* Task brief *
Return the data below unaltered, but strip out the pictures.

* Dataset content *
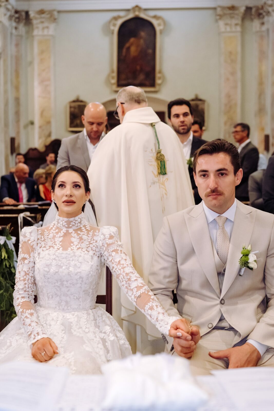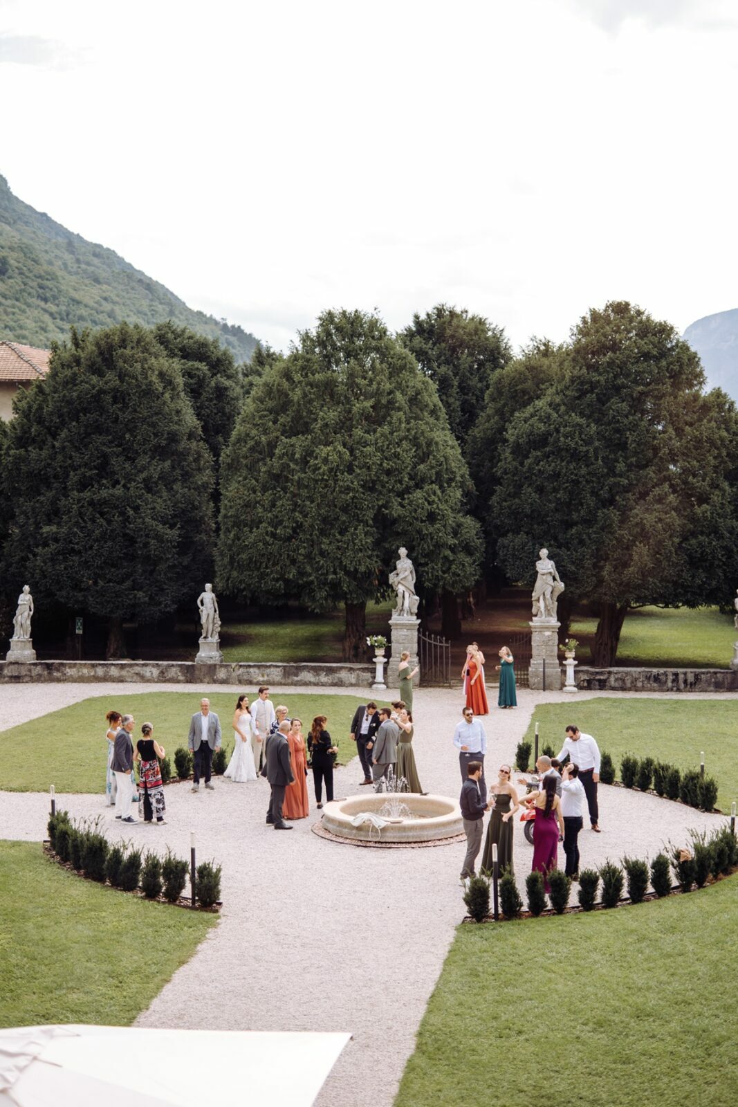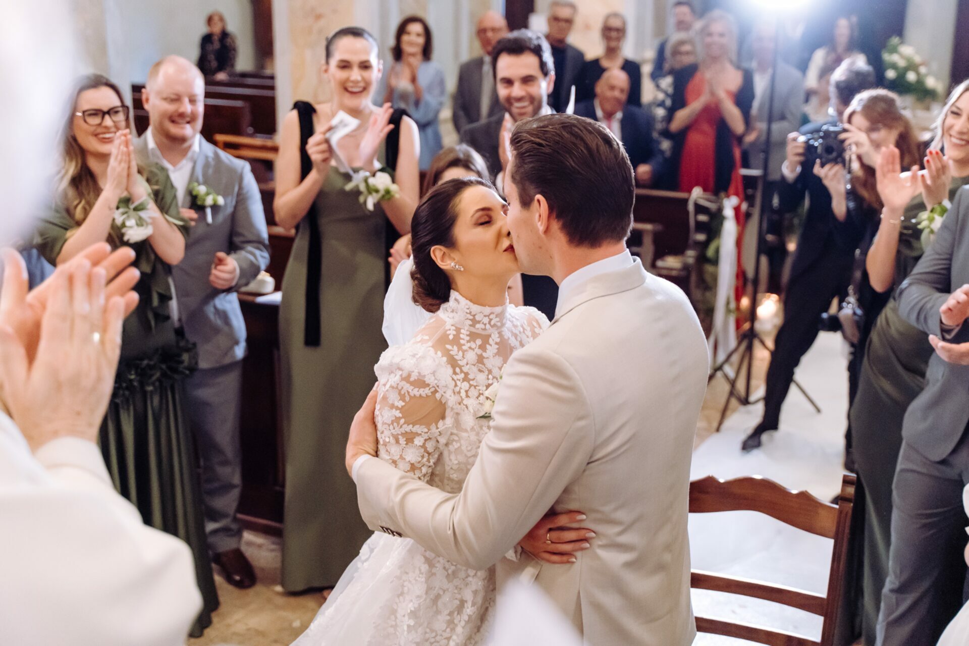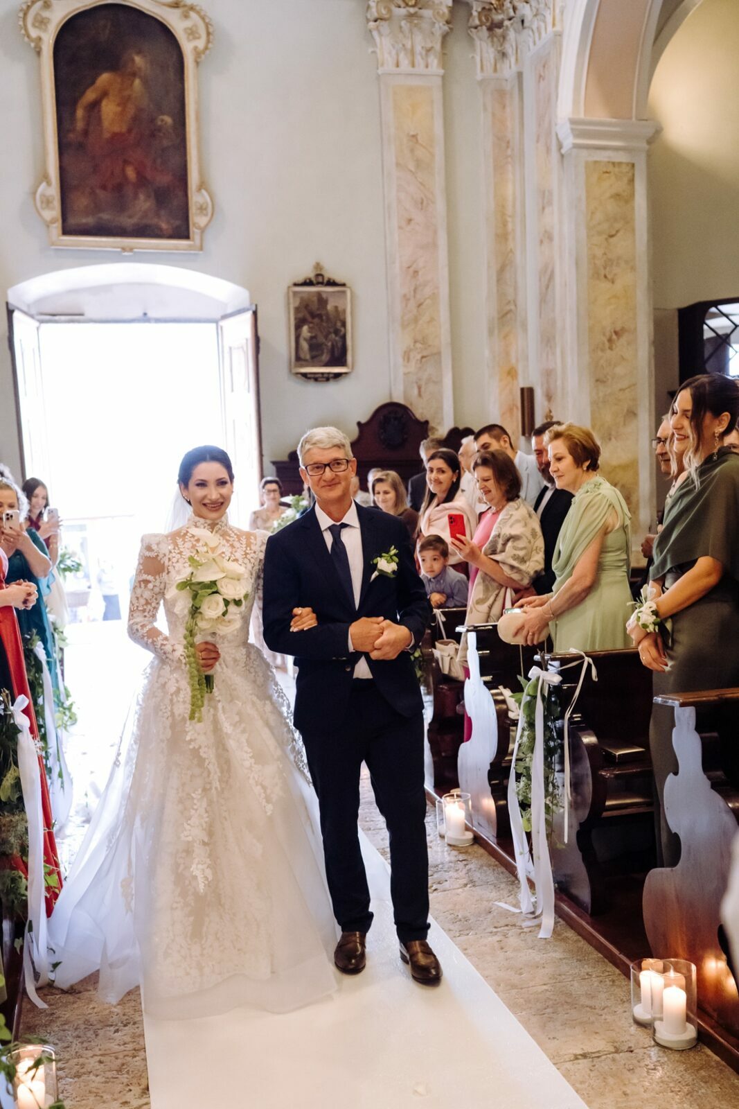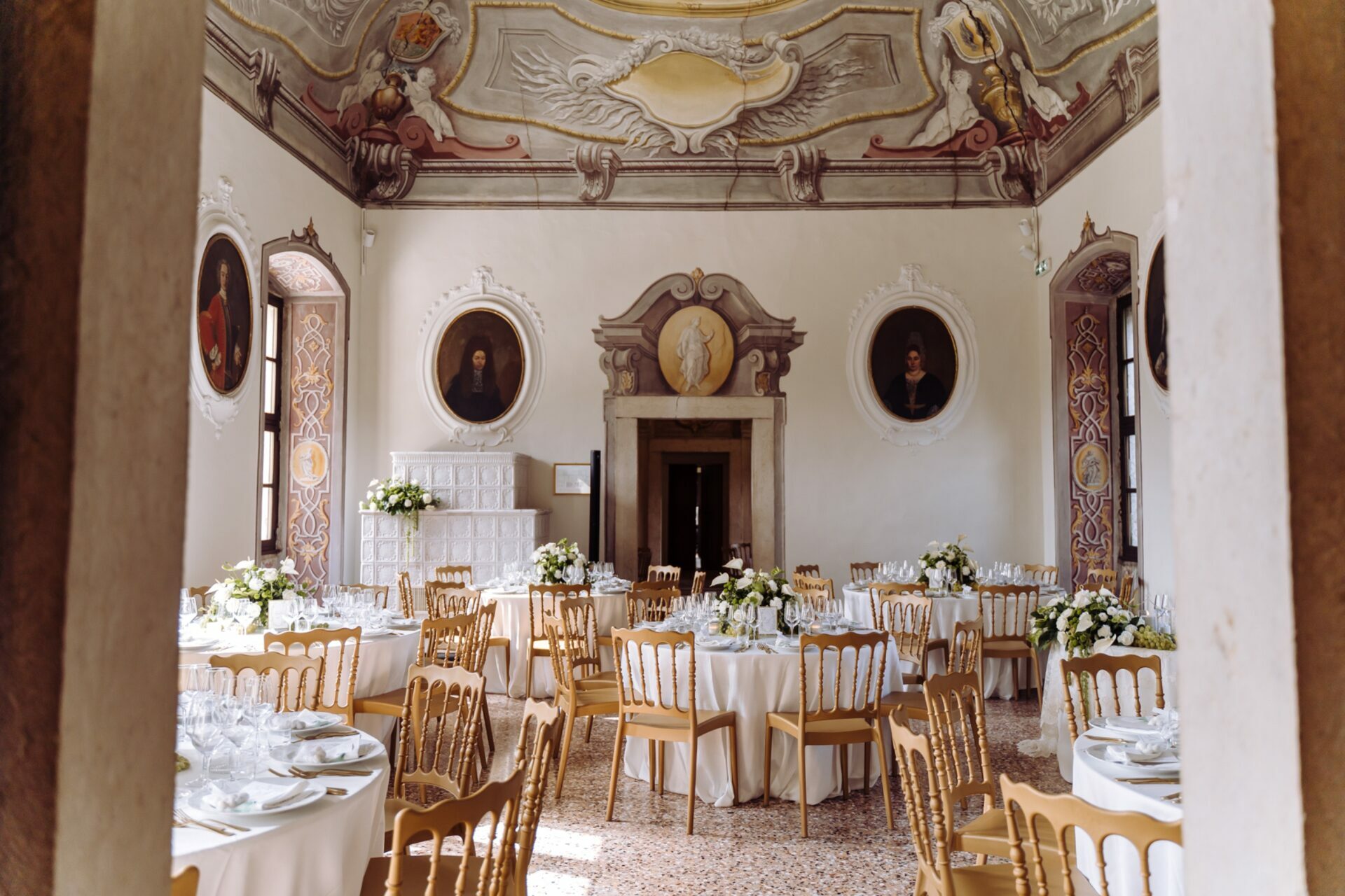 Casamento na terra dos antepassados do noivo, autêntico e emocionante. Cerimônia na igreja, na província de Trento, e recepção na Villa Bortolazzi, cercada por montanhas e parreirais. Destaque pro almoço em uma sala cheia de afrescos animado por um trio de músicas típicas italianas
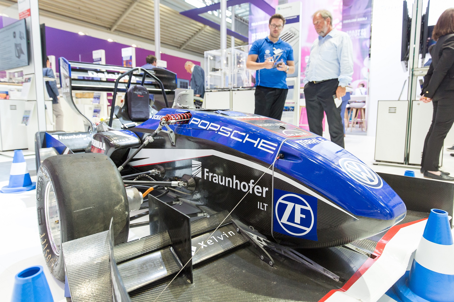 »Keine Elektromobilität ohne Laser« lautete ein wichtiges Motto der Laser-Messe: Wie es in die Praxis umgesetzt wurde, demonstriert der Elektro-Rennwagen »eace05« des Ecurie Aix – Formula Student Teams der RWTH Aachen in München. Für die mit knapp 180 Kilogramm Gesamtgewicht ultraleichte Karosserie des Rennwagens wurden CFK-Teile mit dem Laser geschnitten sowie die Batteriezellen laserverschweißt. Motor und Räder enthalten Teile, die ein 3D-Laserdrucker aus Metallpulver hergestellt hat. »Laserverfahren in der E-Mobility ermöglichen Prozesse und auch Produktqualitäten, die anders gar nicht denkbar wären«, erklärte Johanna Helm vom Fraunhofer ILT.
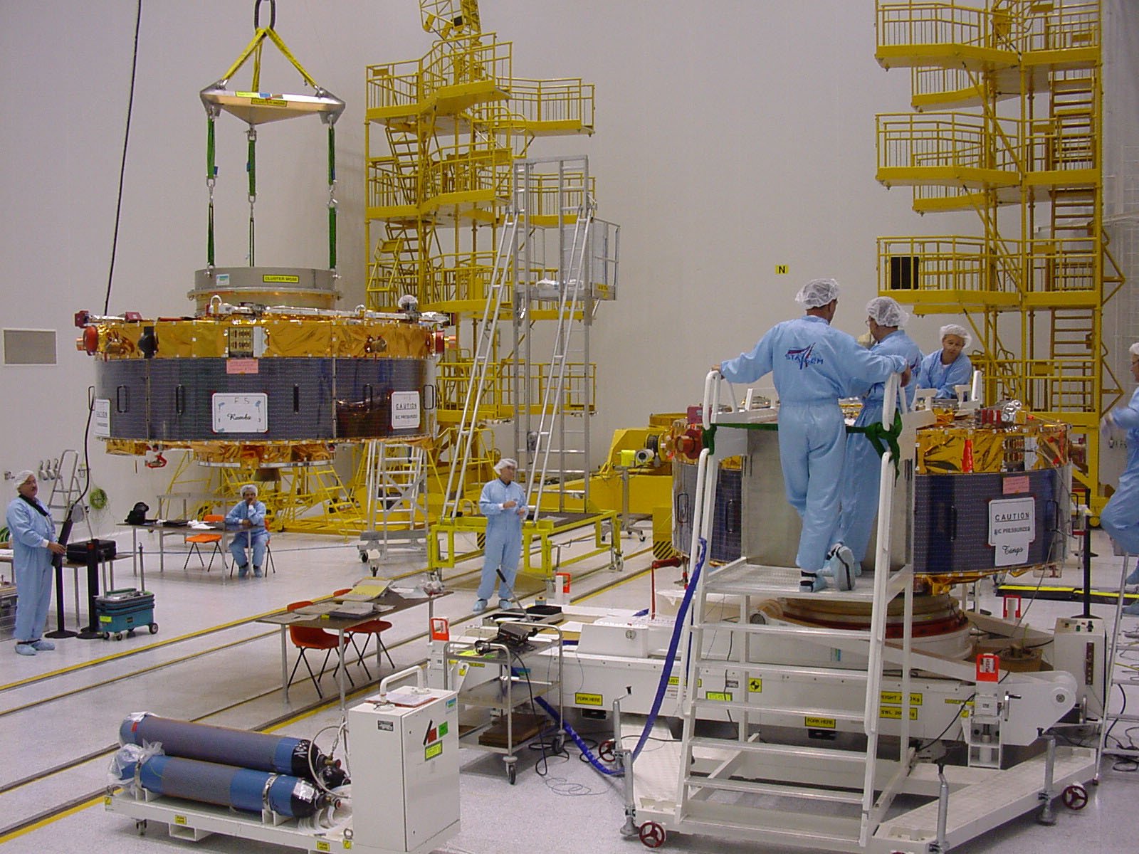 Date: 22 July 2000 Satellite: Cluster Depicts: Rumba and Tango spacecraft Location: UCIF clean room, Baikonur, Kazakhstan Copyright: ESA Show in archive: true
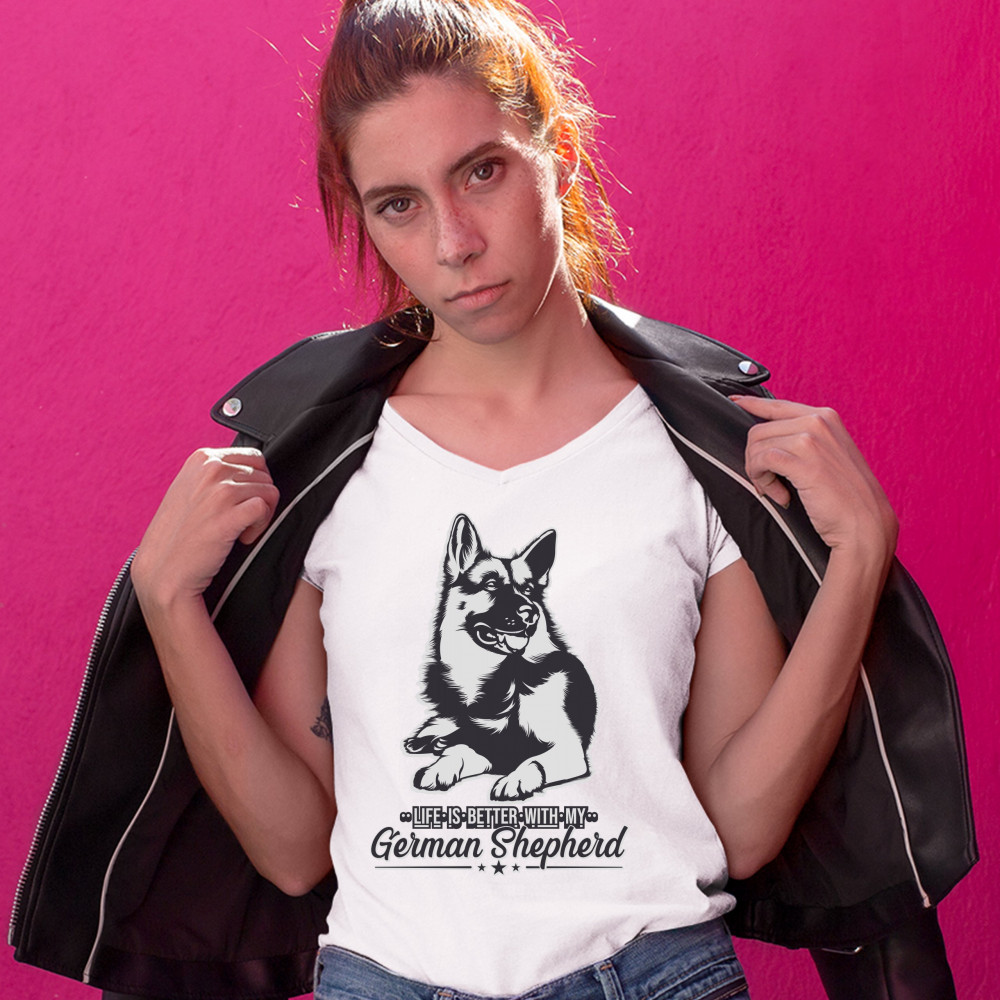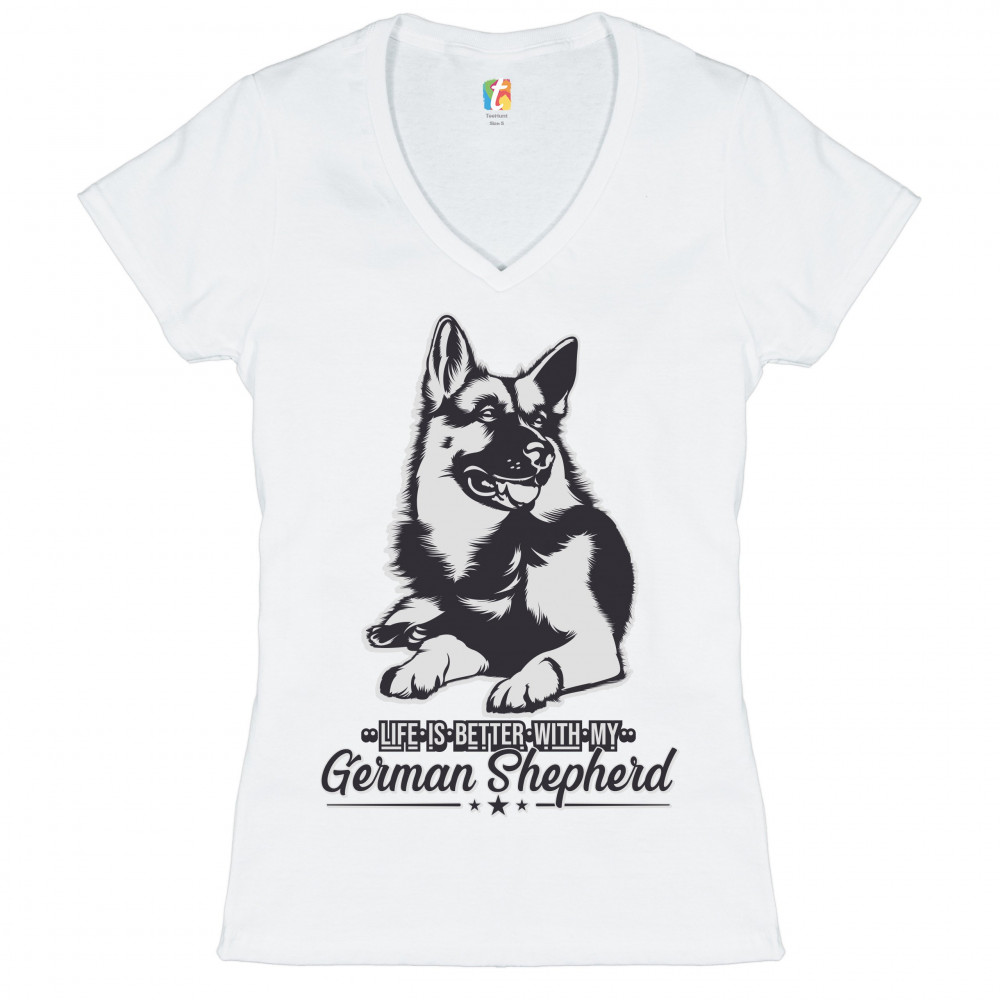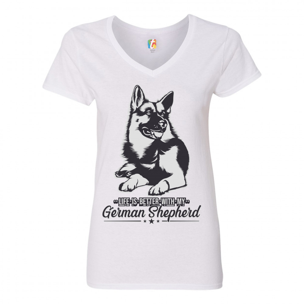 LIFE IS BETTER WITH MY GERMAN SHEPHERD women's v-neck t-shirt dog lover tee white

* Answer box *
 Casamento na terra dos antepassados do noivo, autêntico e emocionante. Cerimônia na igreja, na província de Trento, e recepção na Villa Bortolazzi, cercada por montanhas e parreirais. Destaque pro almoço em uma sala cheia de afrescos animado por um trio de músicas típicas italianas
 »Keine Elektromobilität ohne Laser« lautete ein wichtiges Motto der Laser-Messe: Wie es in die Praxis umgesetzt wurde, demonstriert der Elektro-Rennwagen »eace05« des Ecurie Aix – Formula Student Teams der RWTH Aachen in München. Für die mit knapp 180 Kilogramm Gesamtgewicht ultraleichte Karosserie des Rennwagens wurden CFK-Teile mit dem Laser geschnitten sowie die Batteriezellen laserverschweißt. Motor und Räder enthalten Teile, die ein 3D-Laserdrucker aus Metallpulver hergestellt hat. »Laserverfahren in der E-Mobility ermöglichen Prozesse und auch Produktqualitäten, die anders gar nicht denkbar wären«, erklärte Johanna Helm vom Fraunhofer ILT.
 Date: 22 July 2000 Satellite: Cluster Depicts: Rumba and Tango spacecraft Location: UCIF clean room, Baikonur, Kazakhstan Copyright: ESA Show in archive: true
 LIFE IS BETTER WITH MY GERMAN SHEPHERD women's v-neck t-shirt dog lover tee white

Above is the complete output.